The fusion of multispectral sensor data techniques for sets containing complementary information about the subject of observation leads to the visualization of data into a form more easily interpreted by both humans and algorithms. Many applications of feature-level fusion seek to combine edges and textures, across the bandwidth of the sensory spectrum. Visualization techniques can be skewed by the introduction of corruption and redundancies induced by harmonics. A majority of image fusion techniques rely on intensity hue saturation (IHS) transforms, principal component analysis (PCA), and Gram Schmidt. PCA’s ability to remove the redundancy from a set of correlated data while preserving the variance and its resistance to color distortion lends itself to this application. PCA also has a lower spectral distortion as compared to IHS and has been found to create superior image fusion. The application of neural network control techniques has been shown to more accurately recreate results similar to those found by human inference.
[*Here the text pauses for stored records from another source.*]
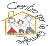
Centro per le famiglie di Faenza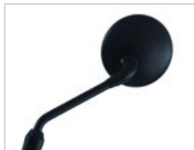
RÉTROVISEUR NOIR A9638012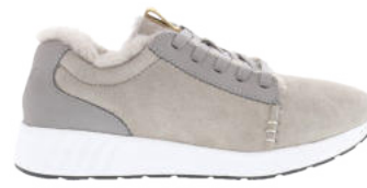
Grey # 050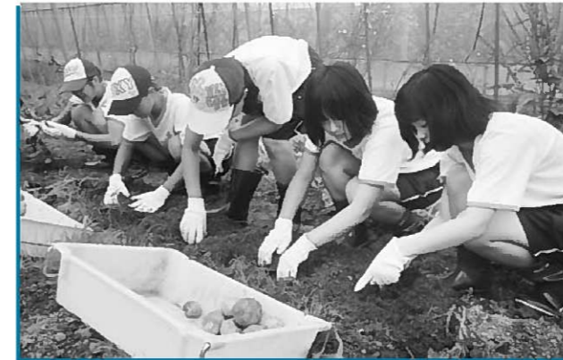
宿泊先で農作業を行う深川第六中学の生徒

同校が当町を訪れたのは、昨年に続き2回目。受け入れ農家18戸の皆さんが出迎えました。生徒たちは、農業体験や民泊などを通じ町民との交流を深めていました。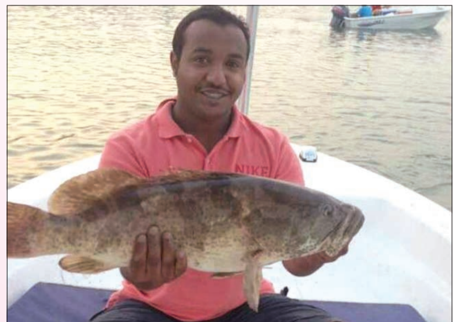
جذاعي ولا أزوع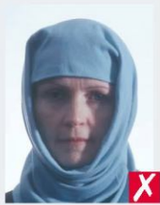
обличчя в тіні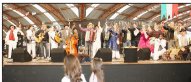
Brinde marcou abertura do evento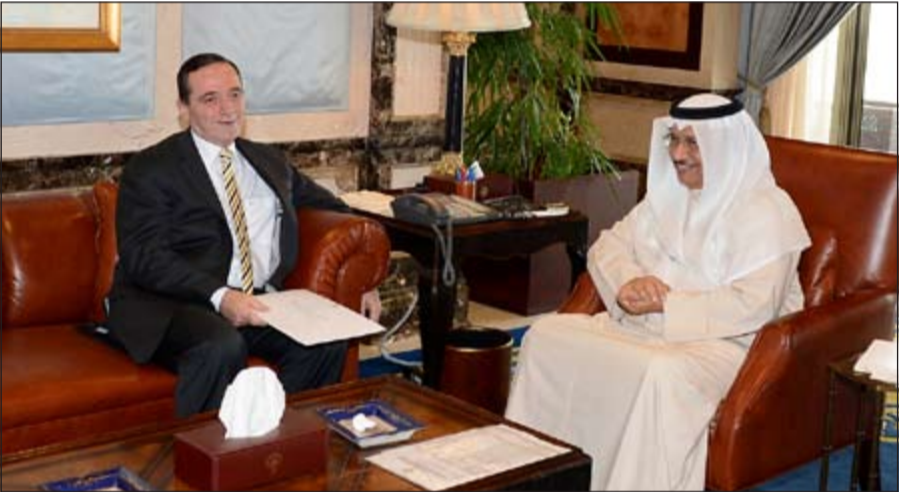
سمو رئيس الوزراء الشيخ جابر المبارك مستقبلاً السفير محمد الكايد

جابر المبارك في قصر السيف أمس سفير المملكة الأردنية الهاشمية الشقيقة لدى الكويت السفير محمد الكايد حيث نقل لسموه رسالة خطية من رئيس وزراء المملكة الأردنية الهاشمية الشقيقة د.عبدالله النسور تناولت العلاقات الثنائية بين البلدين الشقيقين وسبل تعزيزها في شتى المجالات.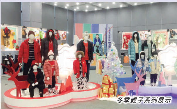
冬季親子系列展示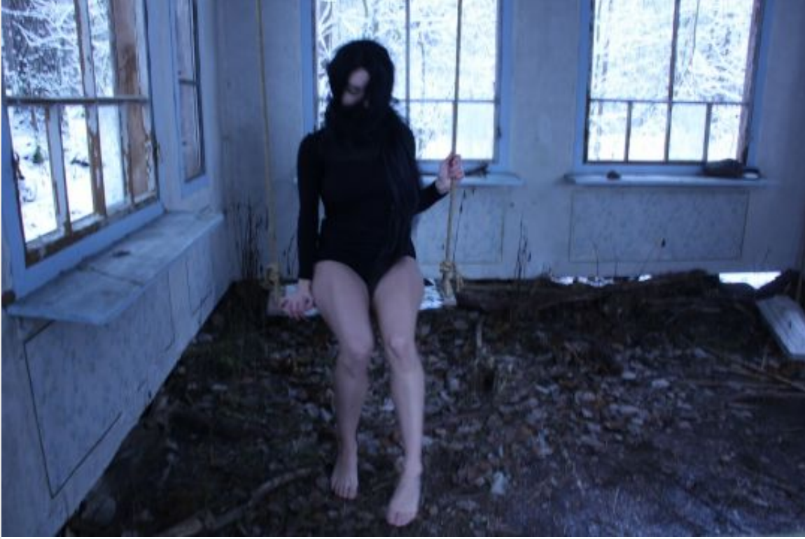
"Madam Moth"@ Saari Residence, Finlandiya

Her üç kadın karakter de kusurlu arzularının kurbanı. Bu üç karakterin kusurlu arzuları, kötü tarafları, gelenek dışı eylemlerinin ile fiziksel olarak "var oluşu" bu eserin temeli. Örneğin benim yorumumda Kraliçe, kötücül cücesi tarafından öldürülmez, onu kendi bedeninde eritir ve ona dönüşür. Cücesinin fiziksel kusurları, kendi gücü ve iktidarı, kötücül yanı ile var olmaya devam eder. Güzellği şeffaflıkla, bir başka deyişle "hem var hem yok" bir varoluşla tanımlanan Pohjan Neito etten kemiktendir, derisi de kalındır, belki de siyahtır. Madam Butterfly, intikam için geri gelir, artık kelebek değil güvedir, Batılı olma arzusu ile kalbinin kurbanı olmaz, ona hükmeder. Bu kadın karakterler koreograf ve icracısına çarparak şekil değiştiriyor. Karakterlerin gerçekliği, koreograf ve icracısının; yani benim kendi gerçekliğimin süzgecinden geçiyor. Her üç solo ile birlikte, idealize edilmiş farklı kadın prototiplerini sorgulayarak bu özelliklerin hiçbirini taşımayan "öteki" nin varoluş biçimini, Batı'ya özgü tekil bir form olan "solo" ile gözler önüne seriyorum.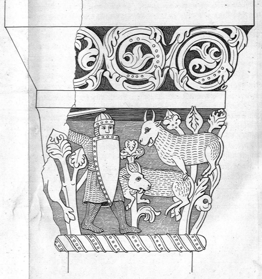
Capitule an den Säulen im Chor.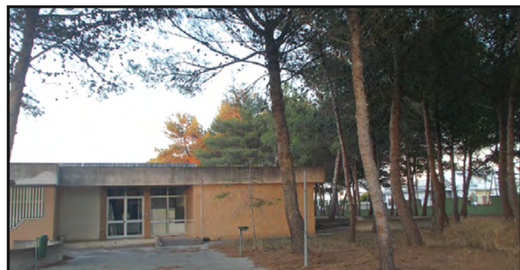
Scuola Materna Comunale

Over the years, increased computation power has given rise to the spread of neural networks into roles previously carried out by humans. Select advanced image processing techniques have benefited greatly from their implementation. We propose a novel method of utilizing PCA in conjunction with a neural network to achieve a higher quality of image fusion. Implementation of an autoencoder neural network to fuse this information creates a higher level of data visualization when compared to traditional weighted fusion techniques.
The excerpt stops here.